# Task instructions
What you return should be only the lines in the entries below between the one holding "イエロー&グリーンのぬくもりカラーがレトロ生地ならでは。" and the one holding "in any state", ends included, with every picture left out.

# Record set
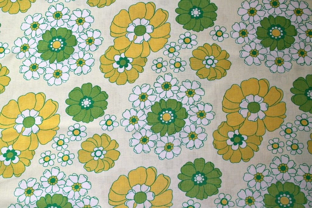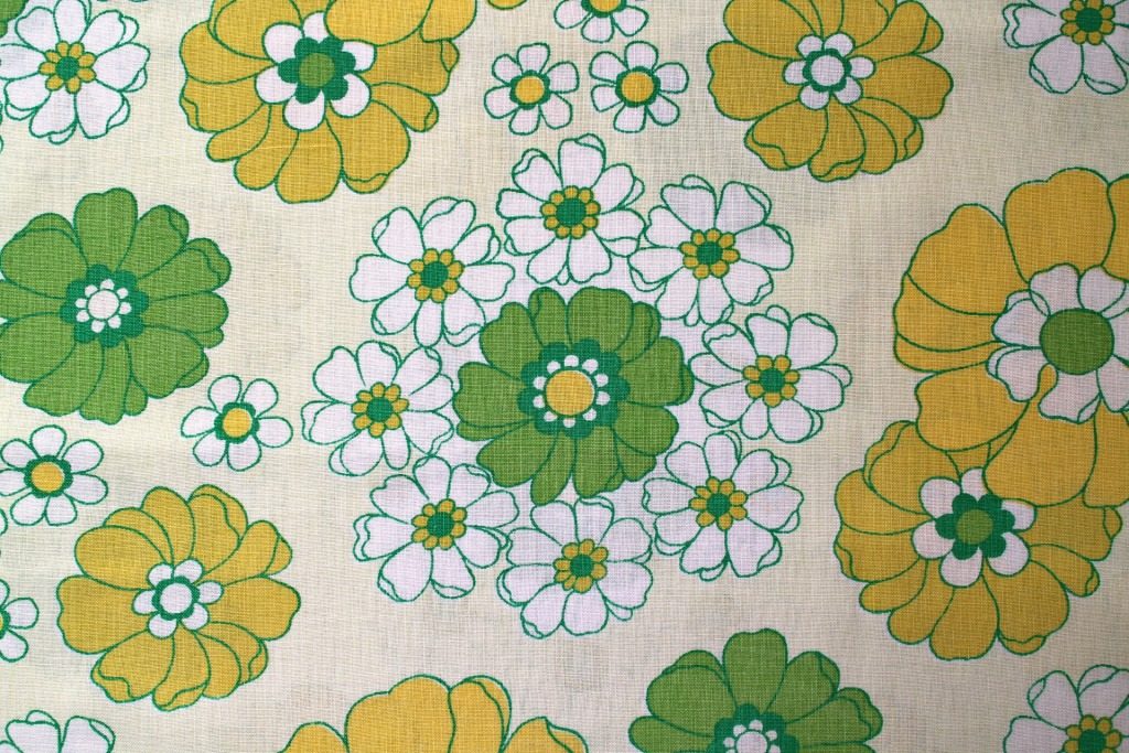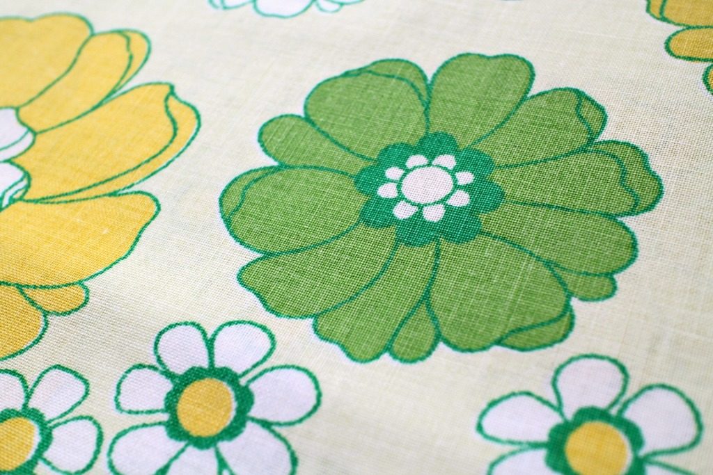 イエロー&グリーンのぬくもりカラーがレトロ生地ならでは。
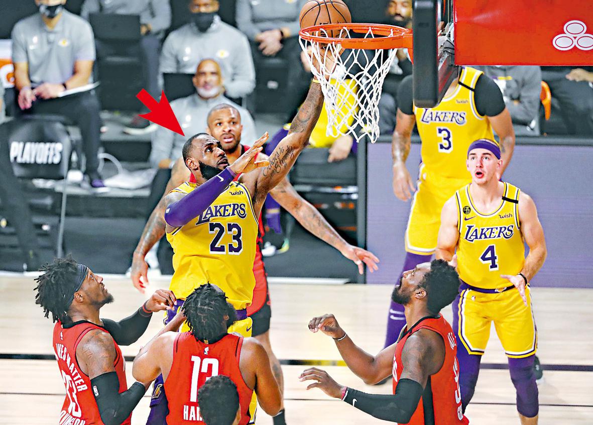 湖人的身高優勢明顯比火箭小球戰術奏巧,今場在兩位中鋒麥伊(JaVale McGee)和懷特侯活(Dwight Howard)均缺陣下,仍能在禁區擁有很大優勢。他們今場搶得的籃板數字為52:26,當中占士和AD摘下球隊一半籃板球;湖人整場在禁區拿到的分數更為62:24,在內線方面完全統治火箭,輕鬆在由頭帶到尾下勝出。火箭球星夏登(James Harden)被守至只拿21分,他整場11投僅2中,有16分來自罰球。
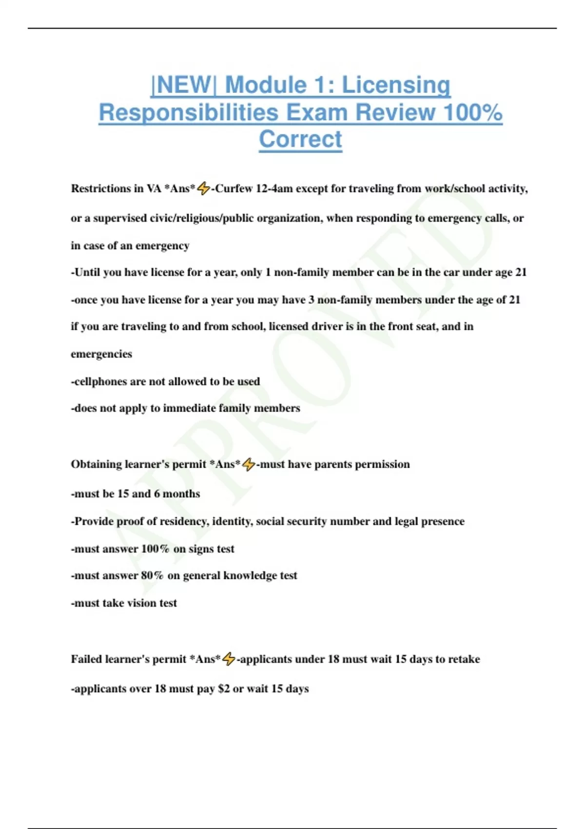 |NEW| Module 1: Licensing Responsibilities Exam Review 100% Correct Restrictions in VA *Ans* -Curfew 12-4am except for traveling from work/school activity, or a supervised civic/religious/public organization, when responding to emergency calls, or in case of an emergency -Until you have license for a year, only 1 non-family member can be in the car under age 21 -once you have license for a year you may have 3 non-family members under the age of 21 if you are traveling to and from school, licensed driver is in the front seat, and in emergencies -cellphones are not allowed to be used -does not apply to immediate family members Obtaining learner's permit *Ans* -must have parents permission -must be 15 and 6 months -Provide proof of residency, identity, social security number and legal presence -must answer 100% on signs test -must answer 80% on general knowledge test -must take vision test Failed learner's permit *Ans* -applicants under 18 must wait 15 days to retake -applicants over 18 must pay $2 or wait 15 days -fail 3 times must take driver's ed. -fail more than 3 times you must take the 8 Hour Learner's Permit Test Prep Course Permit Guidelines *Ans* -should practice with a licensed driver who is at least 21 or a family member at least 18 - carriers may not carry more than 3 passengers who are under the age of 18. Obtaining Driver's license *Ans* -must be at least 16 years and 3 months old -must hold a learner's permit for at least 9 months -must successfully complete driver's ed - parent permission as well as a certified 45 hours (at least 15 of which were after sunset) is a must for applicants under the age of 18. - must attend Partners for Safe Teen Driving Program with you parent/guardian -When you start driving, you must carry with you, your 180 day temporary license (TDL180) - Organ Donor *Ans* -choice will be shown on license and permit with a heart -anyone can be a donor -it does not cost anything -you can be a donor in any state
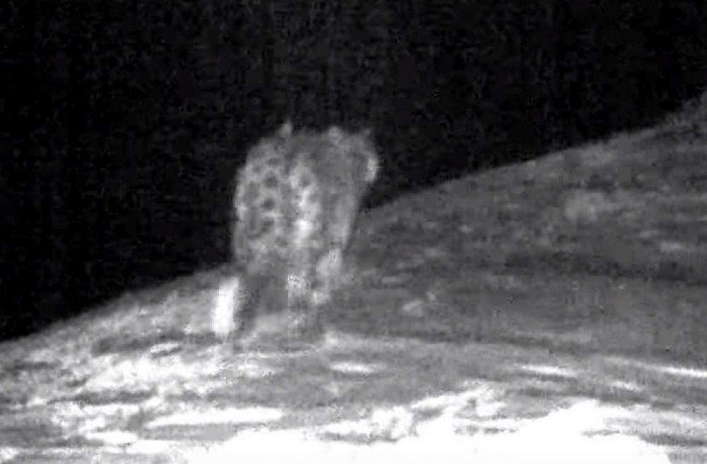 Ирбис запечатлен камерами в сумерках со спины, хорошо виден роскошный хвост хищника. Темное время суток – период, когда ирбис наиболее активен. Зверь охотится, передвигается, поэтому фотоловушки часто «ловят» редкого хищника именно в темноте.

...

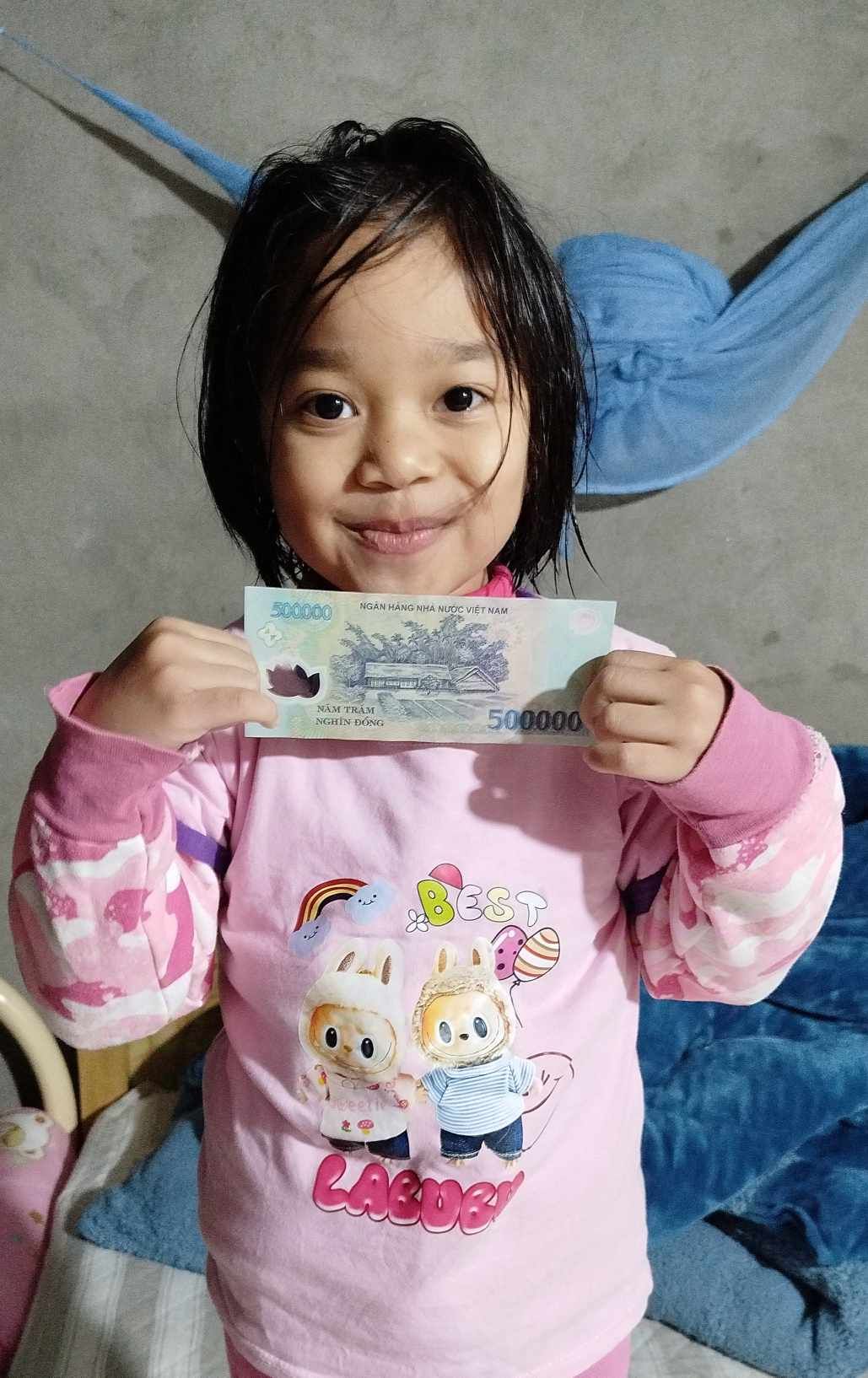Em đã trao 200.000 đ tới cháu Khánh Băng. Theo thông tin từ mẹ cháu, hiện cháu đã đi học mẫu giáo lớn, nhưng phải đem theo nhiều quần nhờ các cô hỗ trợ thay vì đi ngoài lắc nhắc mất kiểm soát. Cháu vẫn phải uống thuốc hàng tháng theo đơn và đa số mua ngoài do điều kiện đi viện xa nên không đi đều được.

# Written reply
 イエロー&グリーンのぬくもりカラーがレトロ生地ならでは。
 湖人的身高優勢明顯比火箭小球戰術奏巧,今場在兩位中鋒麥伊(JaVale McGee)和懷特侯活(Dwight Howard)均缺陣下,仍能在禁區擁有很大優勢。他們今場搶得的籃板數字為52:26,當中占士和AD摘下球隊一半籃板球;湖人整場在禁區拿到的分數更為62:24,在內線方面完全統治火箭,輕鬆在由頭帶到尾下勝出。火箭球星夏登(James Harden)被守至只拿21分,他整場11投僅2中,有16分來自罰球。
 |NEW| Module 1: Licensing Responsibilities Exam Review 100% Correct Restrictions in VA *Ans* -Curfew 12-4am except for traveling from work/school activity, or a supervised civic/religious/public organization, when responding to emergency calls, or in case of an emergency -Until you have license for a year, only 1 non-family member can be in the car under age 21 -once you have license for a year you may have 3 non-family members under the age of 21 if you are traveling to and from school, licensed driver is in the front seat, and in emergencies -cellphones are not allowed to be used -does not apply to immediate family members Obtaining learner's permit *Ans* -must have parents permission -must be 15 and 6 months -Provide proof of residency, identity, social security number and legal presence -must answer 100% on signs test -must answer 80% on general knowledge test -must take vision test Failed learner's permit *Ans* -applicants under 18 must wait 15 days to retake -applicants over 18 must pay $2 or wait 15 days -fail 3 times must take driver's ed. -fail more than 3 times you must take the 8 Hour Learner's Permit Test Prep Course Permit Guidelines *Ans* -should practice with a licensed driver who is at least 21 or a family member at least 18 - carriers may not carry more than 3 passengers who are under the age of 18. Obtaining Driver's license *Ans* -must be at least 16 years and 3 months old -must hold a learner's permit for at least 9 months -must successfully complete driver's ed - parent permission as well as a certified 45 hours (at least 15 of which were after sunset) is a must for applicants under the age of 18. - must attend Partners for Safe Teen Driving Program with you parent/guardian -When you start driving, you must carry with you, your 180 day temporary license (TDL180) - Organ Donor *Ans* -choice will be shown on license and permit with a heart -anyone can be a donor -it does not cost anything -you can be a donor in any state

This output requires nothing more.